■ DATA TO PROCESS:
═══
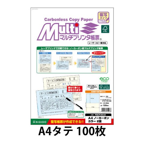 ヒサゴ FSC(R)認証マルチプリンタ帳票複写タイプ A4 ノーカーボン カラー 100枚入 FSCF2010スペック
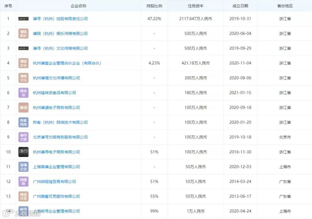 2021年1月15日,杭州锋味派食品有限公司成立,法定代表人同样为董海锋,经营范围包括食品经营、食品农产品零售、食品农产品批发、服装服饰批发等。穿透后,杭州锋味派食品有限公司由谦寻(杭州)文化传媒有限公司100%持股。
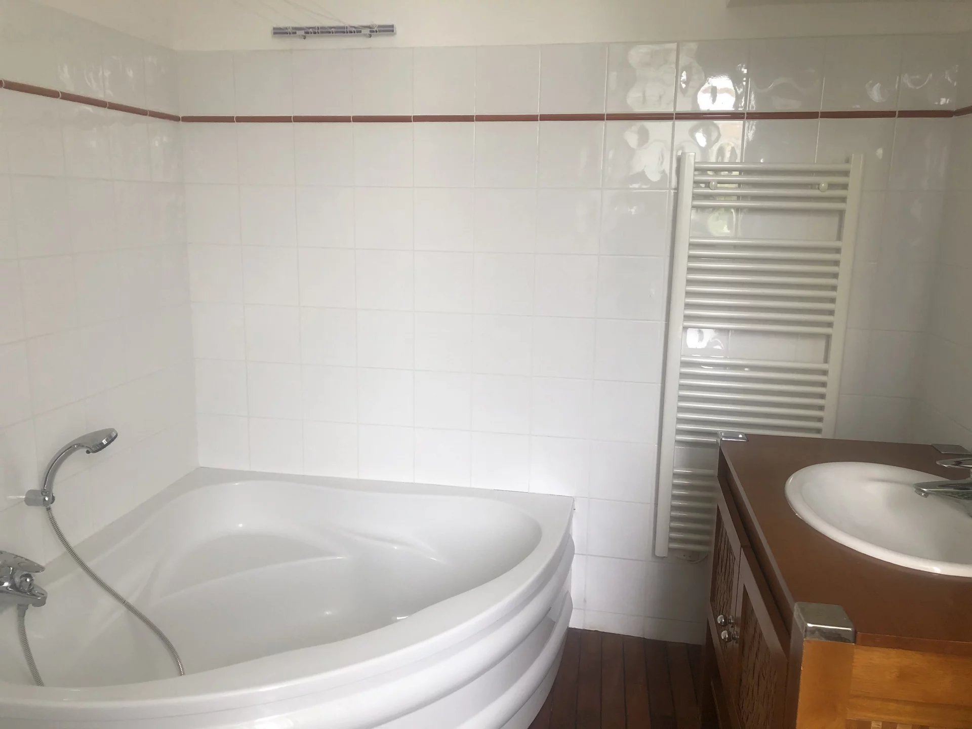 Appartement 3 pièces composé d'un séjour coin cuisine, salon, deux chambres, une salle de douche et une salle de bains
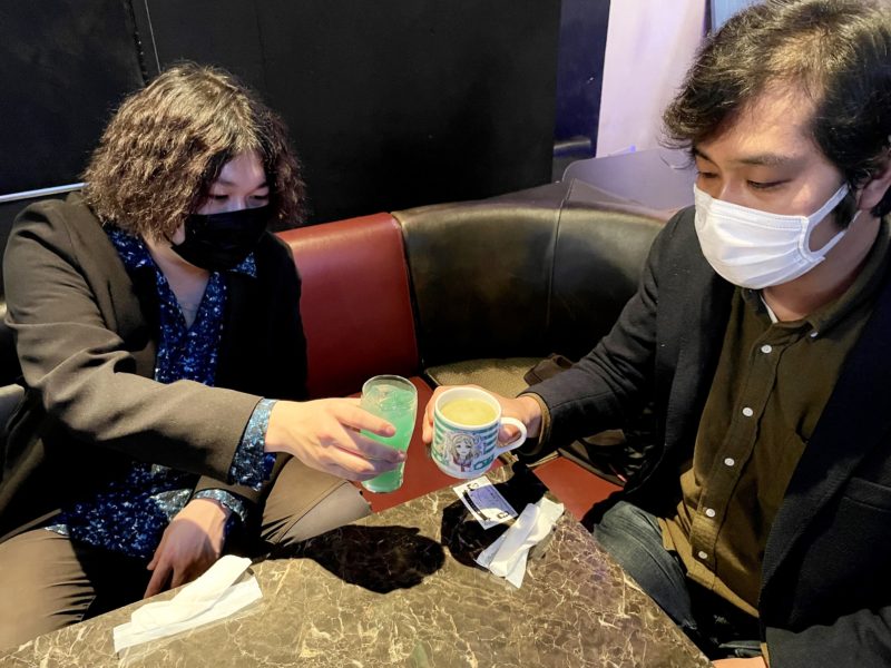 ドリンクが届いたので、とりあえず乾杯。しゅんはノンアルのカクテルで、山田は梅昆布茶です。
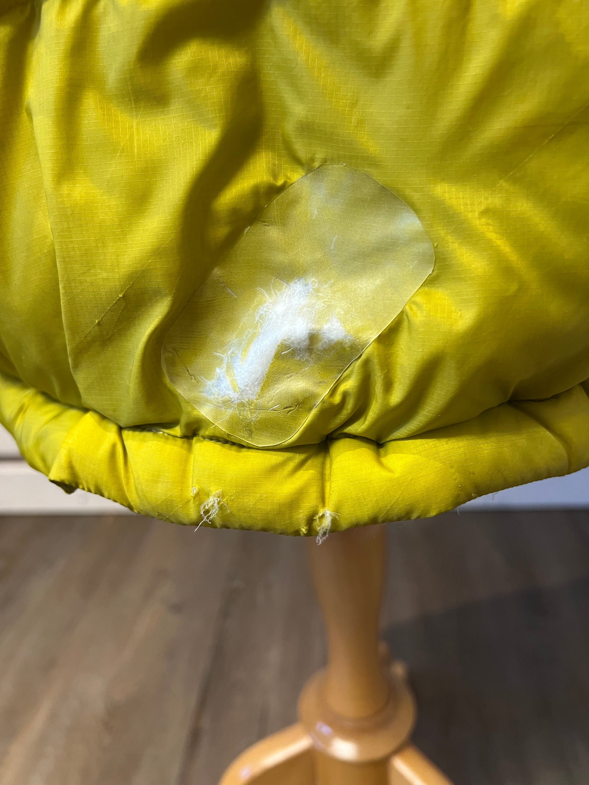 Mediumstor reva längst ner på rygg samt några små hål revan är tejpad med lagningslapp (se bild)
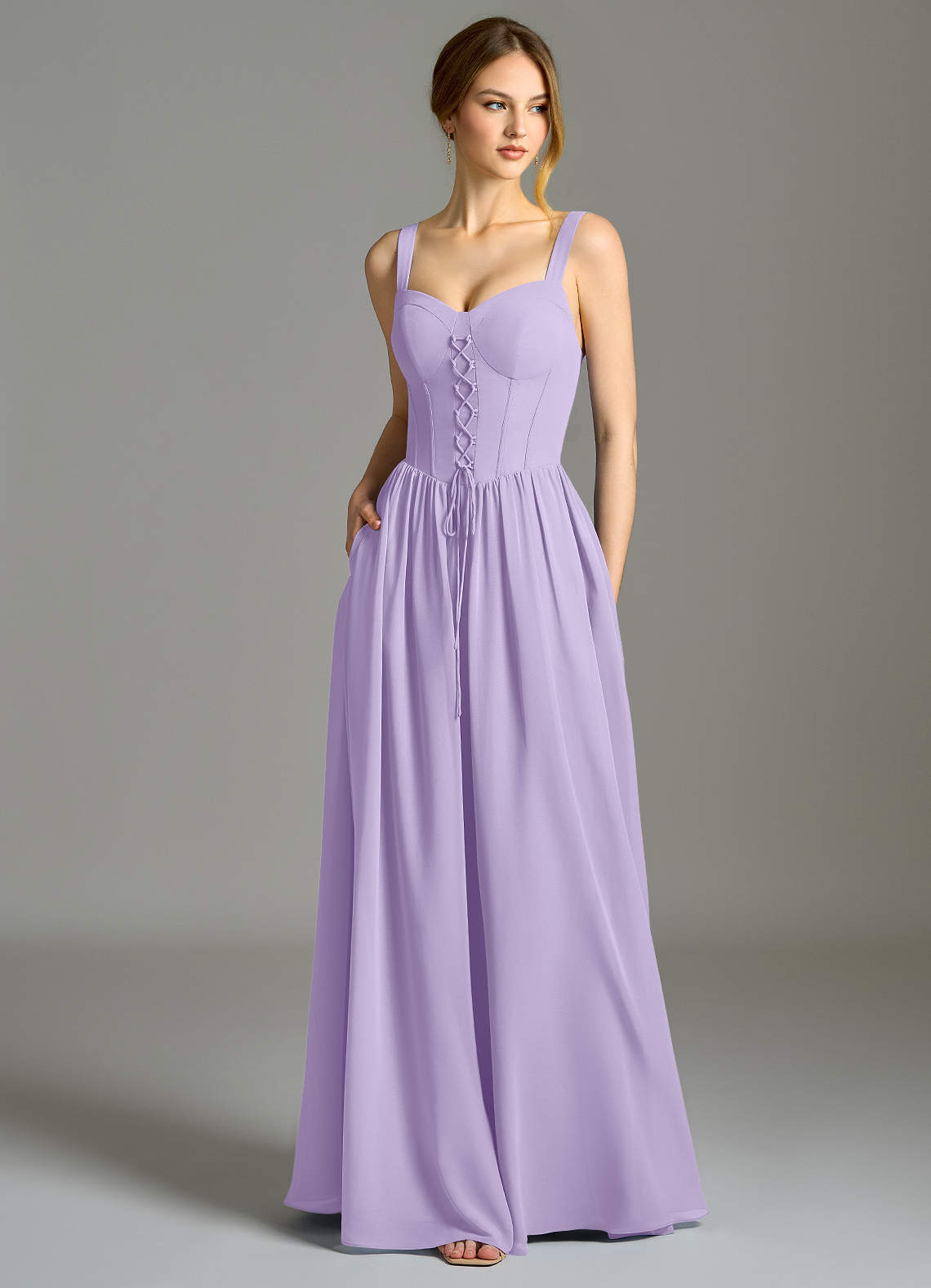 Azazie Porscha 신부 들러리 드레스 A라인 스윗하트 네크라인 쉬폰 바닥 길이 드레스 image1
═══
■ TASK REQUIREMENTS: In the copy, include each line from the start of the material through the line with "2021年1月15日,杭州锋", word for word, but none of the pictures.

■ REPLY TO THE TASK:
 ヒサゴ FSC(R)認証マルチプリンタ帳票複写タイプ A4 ノーカーボン カラー 100枚入 FSCF2010スペック
 2021年1月15日,杭州锋味派食品有限公司成立,法定代表人同样为董海锋,经营范围包括食品经营、食品农产品零售、食品农产品批发、服装服饰批发等。穿透后,杭州锋味派食品有限公司由谦寻(杭州)文化传媒有限公司100%持股。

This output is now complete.